Gerade noch rechtzeitig informierte ich den Mann an der Kasse über meinen Sinneswandel. Dann zog ich meine Kapuze über den Kopf, drückte die Klinke und spähte hinaus in die Dämmerung. Ich wartete, bis die Luft rein war, dann huschte ich nach draußen.

Diesen Laden betritt und verlässt man im Alleingang. Eine Straße weiter beobachtete ich hingegen, wie es vor dem Laden mit der Aufschrift "Sex toys" zuging. Hier strömten sie zu viert oder zu zweit hinein, vielleicht, um sich auf den Valentinstag - besser, die Valentinsnacht - vorzubereiten. Ich sah in der Auslage Ketten, Strapse, Gürtel. Im Hintergrund stöhnten Pornodarsteller wild durcheinander, wie bei einem Orchester, das nicht harmoniert.

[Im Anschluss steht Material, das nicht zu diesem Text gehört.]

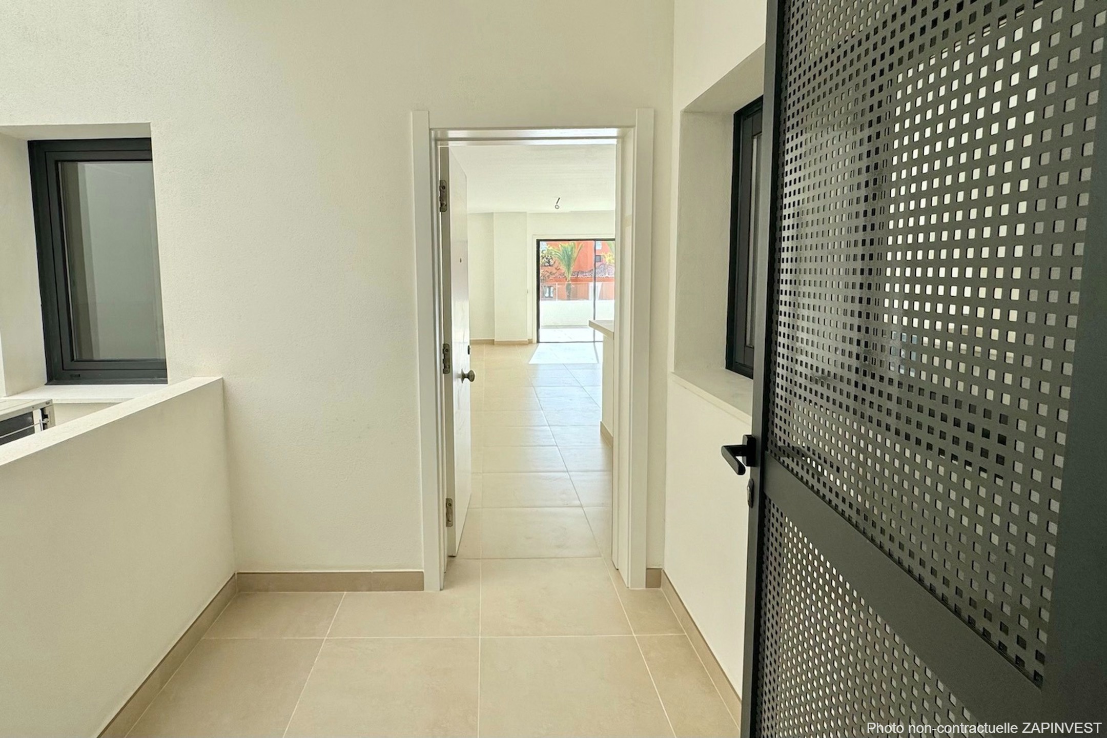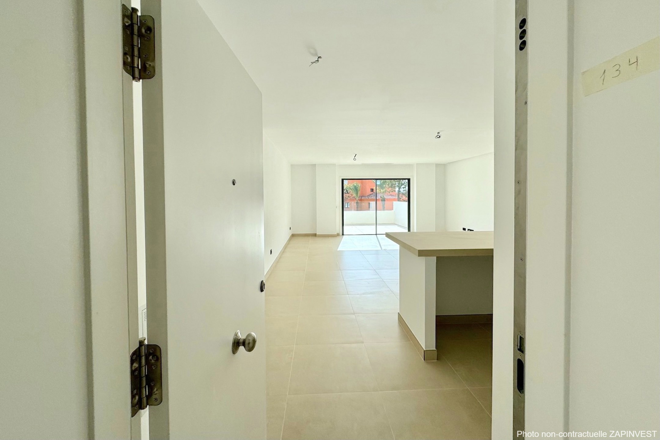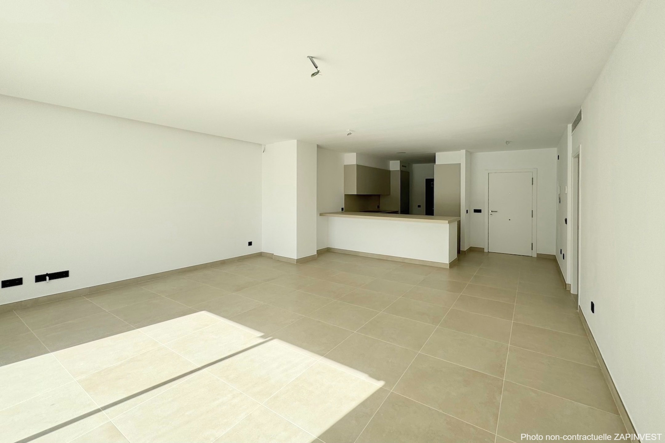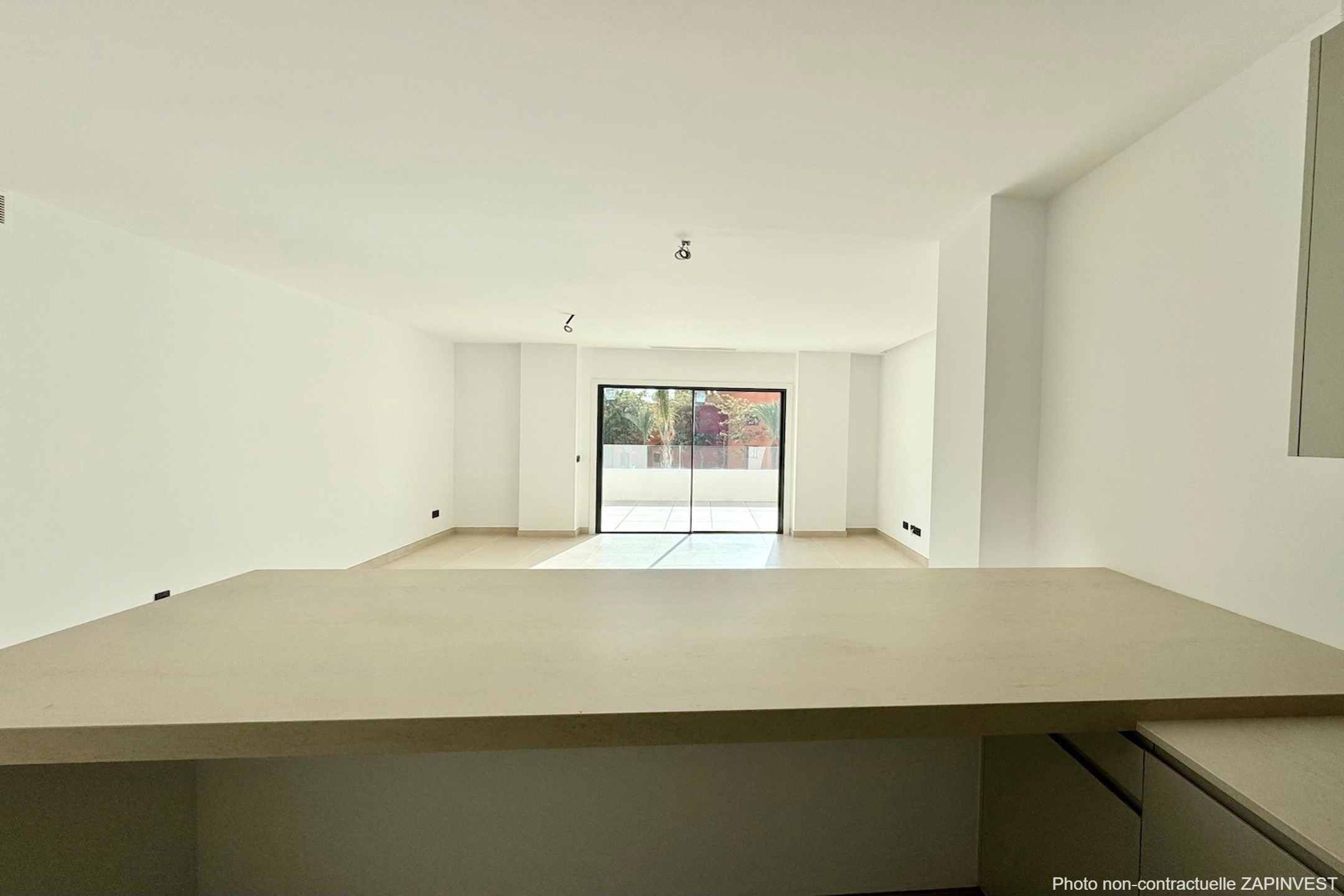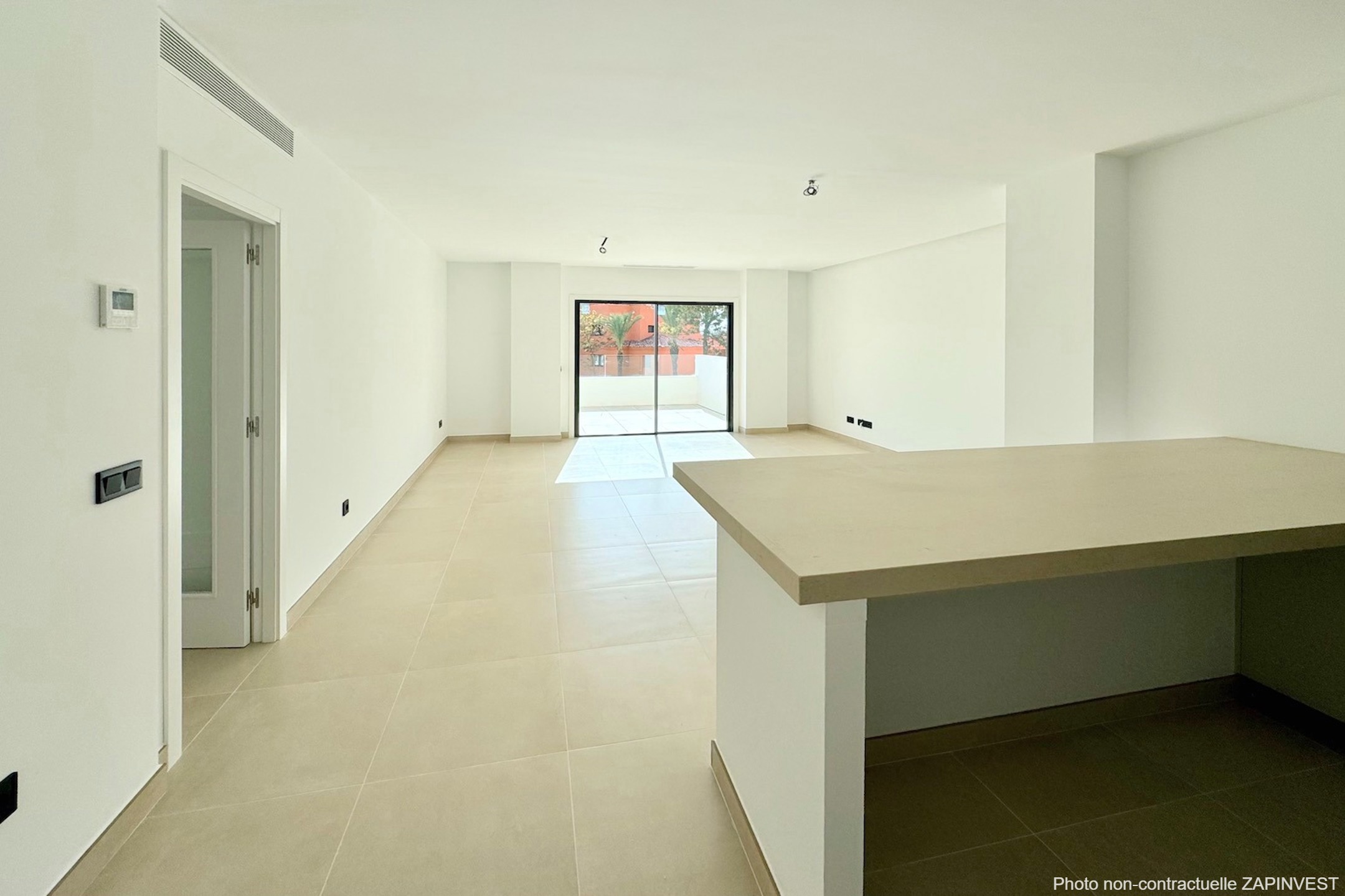 L'entrée de l'appartement se fait directement par la pièce de vie constituée du salon et de la salle à manger qui donne directement sur la terrasse.

Erstaunlich, dass die Besucher solcher Einrichtungen keinesfalls beschämt wirken, im Gegenteil. Im Sex-Toy-Shop kicherten die Kunden, als wären sie Kinder. Sie probierten die Werkzeuge mit teils anzüglichen Gesten aus. Und stellten den Verkäufern Fragen, ohne dass es ihnen die Schamesröte ins Gesicht trieb. Ich hörte sie gar darüber debattieren, wie sich die Vorgänge im Schlafzimmer optimieren ließen. In Nigeria wäre das nicht denkbar. Man würde nicht darüber diskutieren, erst recht nicht bei einem gemeinsamen Besuch im Sex-Shop. Die gibt es zwar, doch wer sie betritt, tut dies alleine und gut vermummt. Hier in München kann man sich die Tarnung hingegen gut und gerne sparen.